_What you will do_. Reproduce each entry exactly as it reads. Leave the images out.

_Given information_.
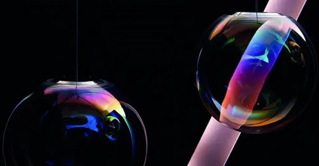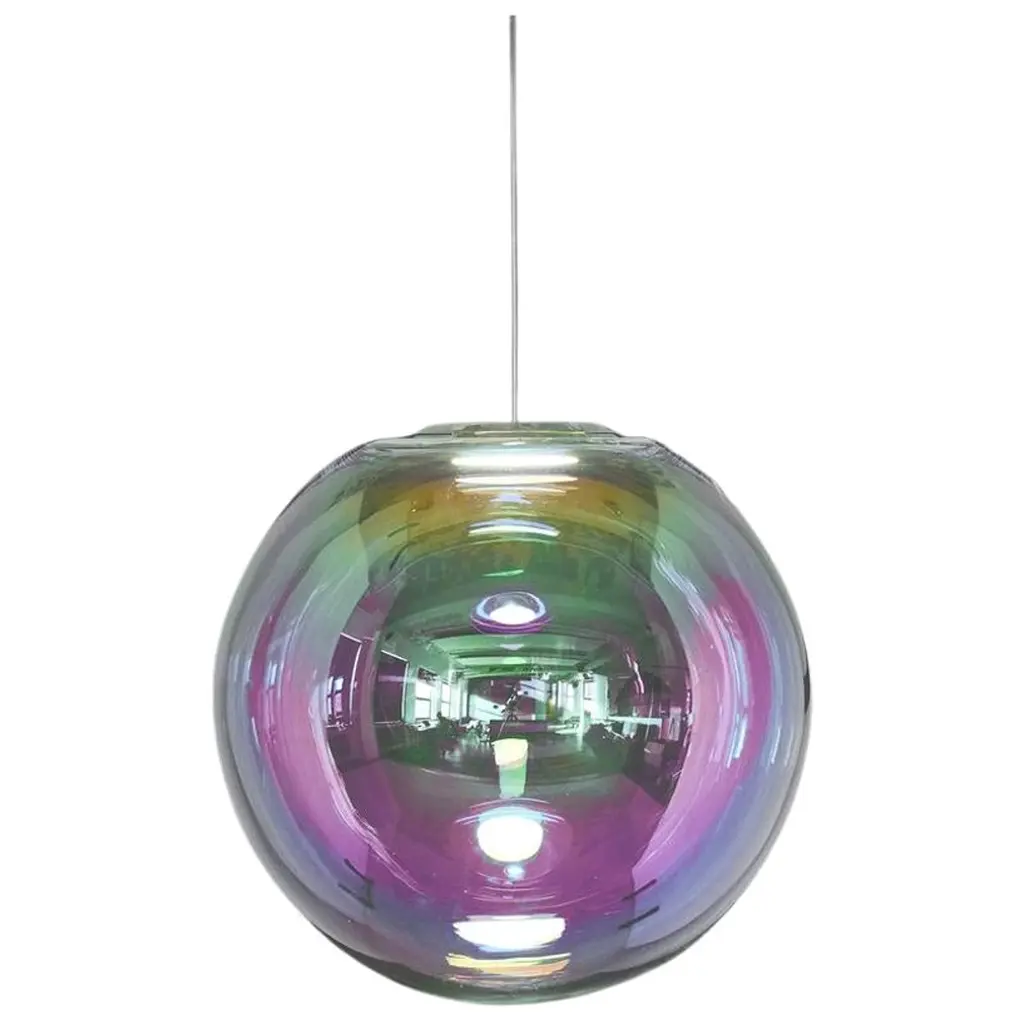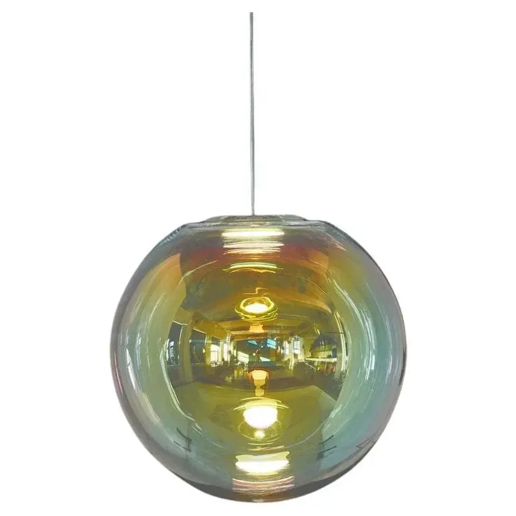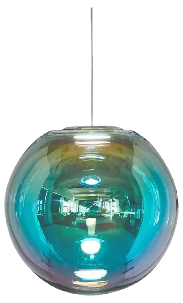 Gold-indigo iris globe "50" by sebastian scherer handmade design: sebastian scherer dimensions: ø 50 cm. Material: dichroic-coated mouth-blown glass, polished aluminium may be available separately in brass colour: gold-indigo may be available separately in blue-orange, pink-green, cyan-magenta, silver-grey traditional glass production in the oldest glassworks of germany the result of ambitious craftsmanship and technological innovation, the iris pendant light mimics a permanent iridescent soap bubble. An oled module provides both the light source and mount. A dichroic coating, applied using a process developed specifically for iris, creates the impression of movement and ever-changing colours. Awards: grand price lexus design award 2014 winner interior innovation award 2015 winner german design award 2016. This piece is attributed to the mentioned designer/maker. It has no attribution mark and no official proof of authenticity, however it is well documented in design history. I take full responsibility for any authenticity issues arising from misattribution
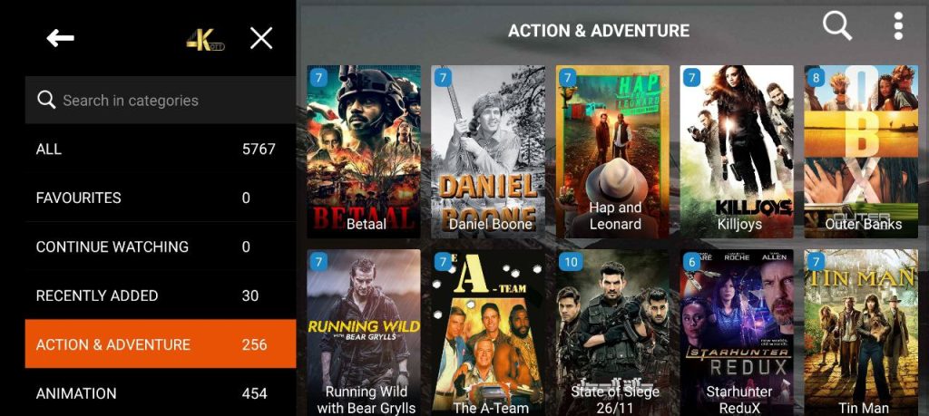 Options available for your perusal and entertainment include Live TV, movies, series.
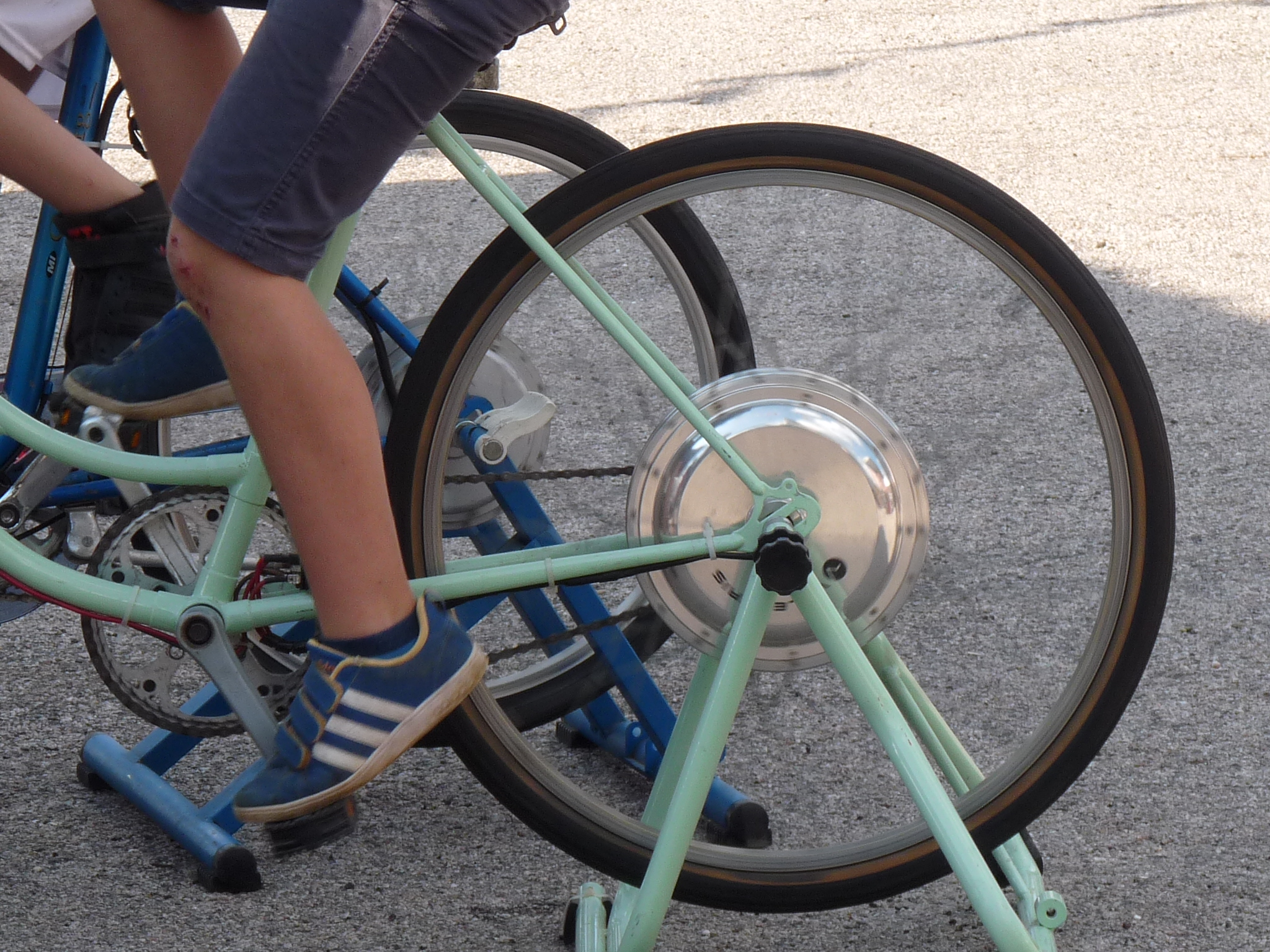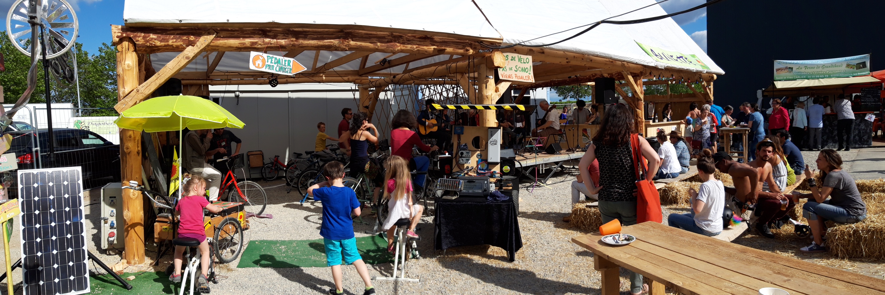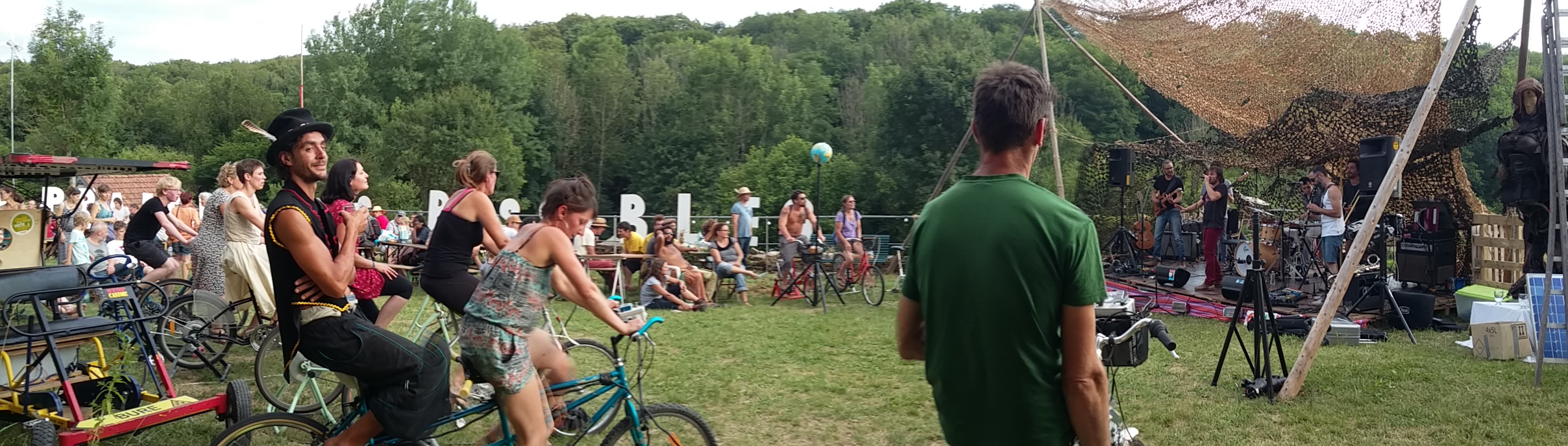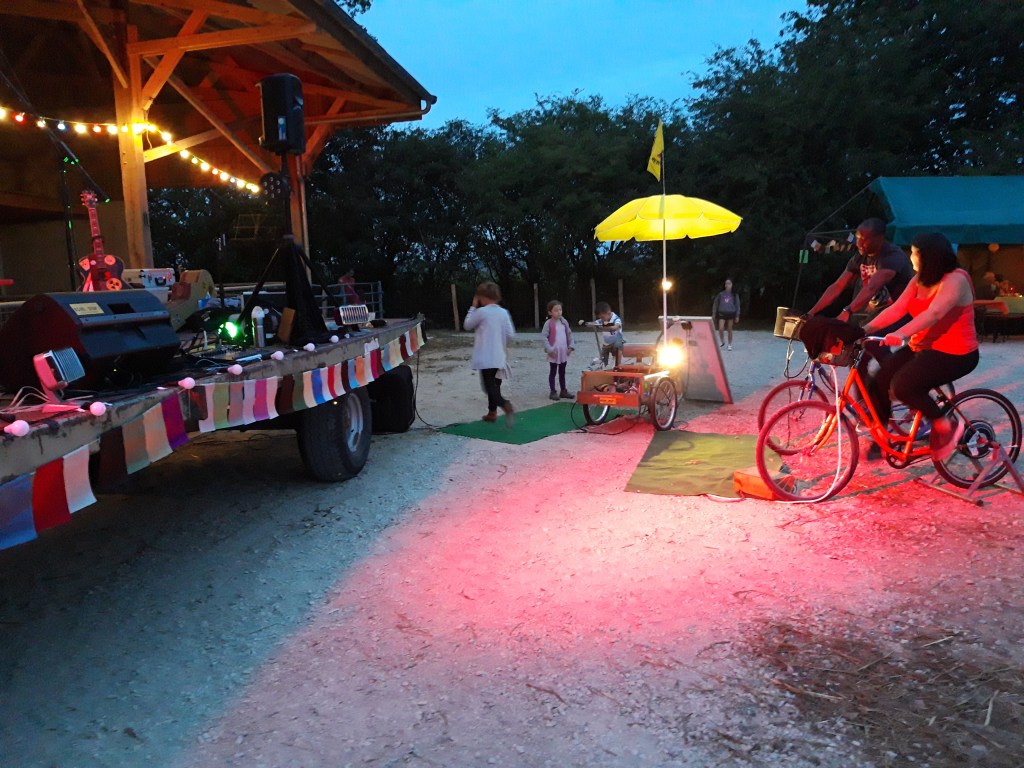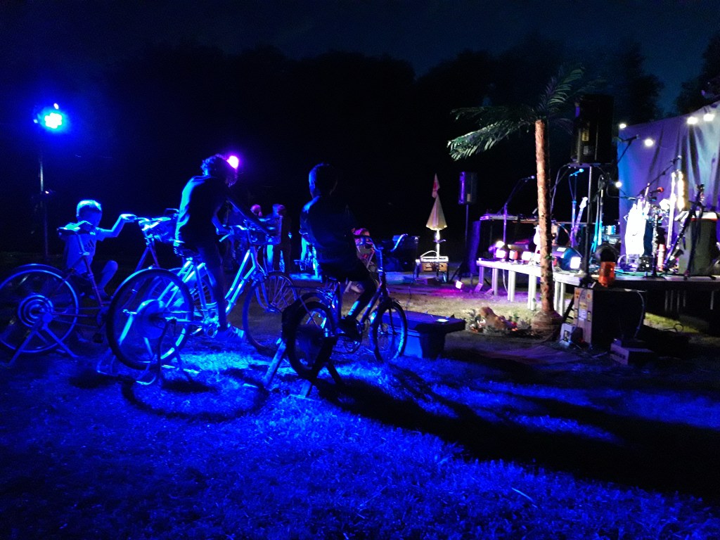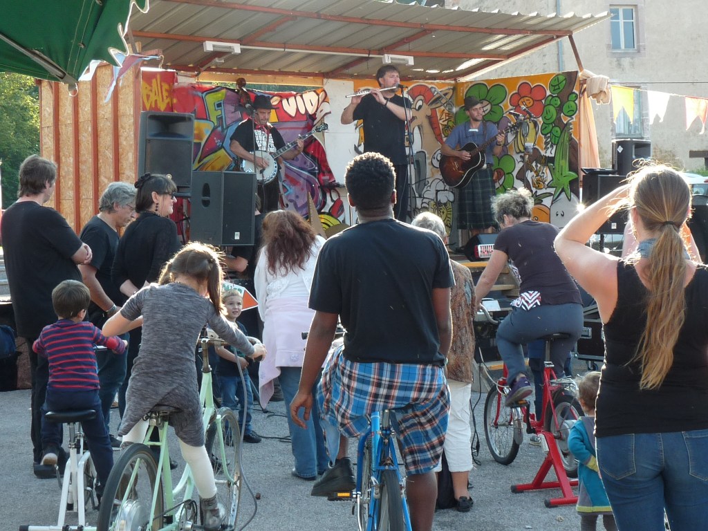 Faire ressentir l’énergie ; Fabriquer de l’électricité à la force des mollets ; Créer des connections entre les artistes et le public ; Installer une scène n’importe où en totale autonomie électrique ; Assurer la régie de concerts vélo-générés.
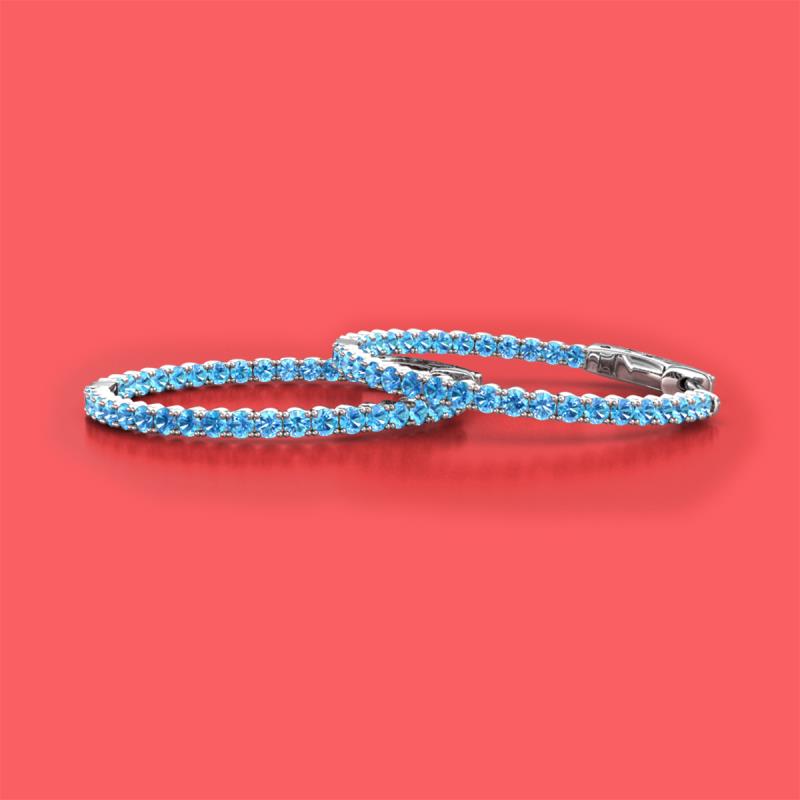 Round Blue Topaz 2.70 ctw Four Prong Inside Outside Women Eternity Hoop Earrings 14K White Gold More Details ...
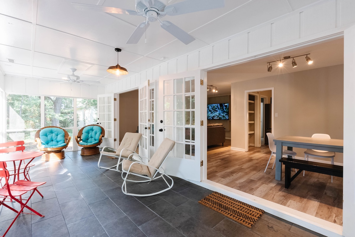 FREE family and dog friendly BEACHES, just 5 MINUTES away! BOATERS WELCOME, with HAGLEY LANDING FREE BOAT LAUNCH ONLY 1/3 MILE, featuring the INTRACOASTAL. Pawleys Island is The Oldest Seaside Resort in the US with its unique shops and restaurants. Our Rustic-Coastal cottage is hidden under Mossy Oaks off a dirt road with ample parking. Quiet, private fenced patio for star gazing or morning coffee. Savor the quiet serenity or take a stroll & linger at the spectacular sunsets at Hagley Landing!
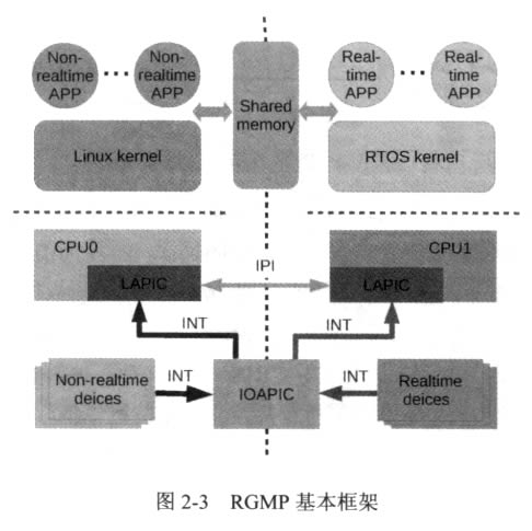 RGMP 是一個利用多核架構實現的實時與非實時操作d立運行的混合操作 系統框架,如圖2-3所示。通用操作系統(Linux) 和實時操作系統(RTOS) 在 各自的 CPU 上d立執行。I/O 設備被分成實時設備和非實時設備,分別被實時 操作系統和非實時操作系統控制。中斷控制器被用作中斷路由器,將兩種設備 的中斷信號路由到相應的操作系統。其中, RTOS 接受實時中斷,如電機驅動、 傳感器等產生的中斷信號;Linux 接受非實時中斷,如人機交互、顯示等中斷信 息。實時操作系統和通用操作系統都完全控制自己的 CPU, 所以沒有多余的軟 件層需要介入到操作系統和硬件之間。硬件中斷被每個操作系統直接處理。同 時各個操作系統d立運行在各自的CPU 上不僅解決了CPU 共享問題,還能確保 操作系統之間不會相互影響。

_Exercise answer_.
 Gold-indigo iris globe "50" by sebastian scherer handmade design: sebastian scherer dimensions: ø 50 cm. Material: dichroic-coated mouth-blown glass, polished aluminium may be available separately in brass colour: gold-indigo may be available separately in blue-orange, pink-green, cyan-magenta, silver-grey traditional glass production in the oldest glassworks of germany the result of ambitious craftsmanship and technological innovation, the iris pendant light mimics a permanent iridescent soap bubble. An oled module provides both the light source and mount. A dichroic coating, applied using a process developed specifically for iris, creates the impression of movement and ever-changing colours. Awards: grand price lexus design award 2014 winner interior innovation award 2015 winner german design award 2016. This piece is attributed to the mentioned designer/maker. It has no attribution mark and no official proof of authenticity, however it is well documented in design history. I take full responsibility for any authenticity issues arising from misattribution
 Options available for your perusal and entertainment include Live TV, movies, series.
 Faire ressentir l’énergie ; Fabriquer de l’électricité à la force des mollets ; Créer des connections entre les artistes et le public ; Installer une scène n’importe où en totale autonomie électrique ; Assurer la régie de concerts vélo-générés.
 Round Blue Topaz 2.70 ctw Four Prong Inside Outside Women Eternity Hoop Earrings 14K White Gold More Details ...
 FREE family and dog friendly BEACHES, just 5 MINUTES away! BOATERS WELCOME, with HAGLEY LANDING FREE BOAT LAUNCH ONLY 1/3 MILE, featuring the INTRACOASTAL. Pawleys Island is The Oldest Seaside Resort in the US with its unique shops and restaurants. Our Rustic-Coastal cottage is hidden under Mossy Oaks off a dirt road with ample parking. Quiet, private fenced patio for star gazing or morning coffee. Savor the quiet serenity or take a stroll & linger at the spectacular sunsets at Hagley Landing!
 RGMP 是一個利用多核架構實現的實時與非實時操作d立運行的混合操作 系統框架,如圖2-3所示。通用操作系統(Linux) 和實時操作系統(RTOS) 在 各自的 CPU 上d立執行。I/O 設備被分成實時設備和非實時設備,分別被實時 操作系統和非實時操作系統控制。中斷控制器被用作中斷路由器,將兩種設備 的中斷信號路由到相應的操作系統。其中, RTOS 接受實時中斷,如電機驅動、 傳感器等產生的中斷信號;Linux 接受非實時中斷,如人機交互、顯示等中斷信 息。實時操作系統和通用操作系統都完全控制自己的 CPU, 所以沒有多余的軟 件層需要介入到操作系統和硬件之間。硬件中斷被每個操作系統直接處理。同 時各個操作系統d立運行在各自的CPU 上不僅解決了CPU 共享問題,還能確保 操作系統之間不會相互影響。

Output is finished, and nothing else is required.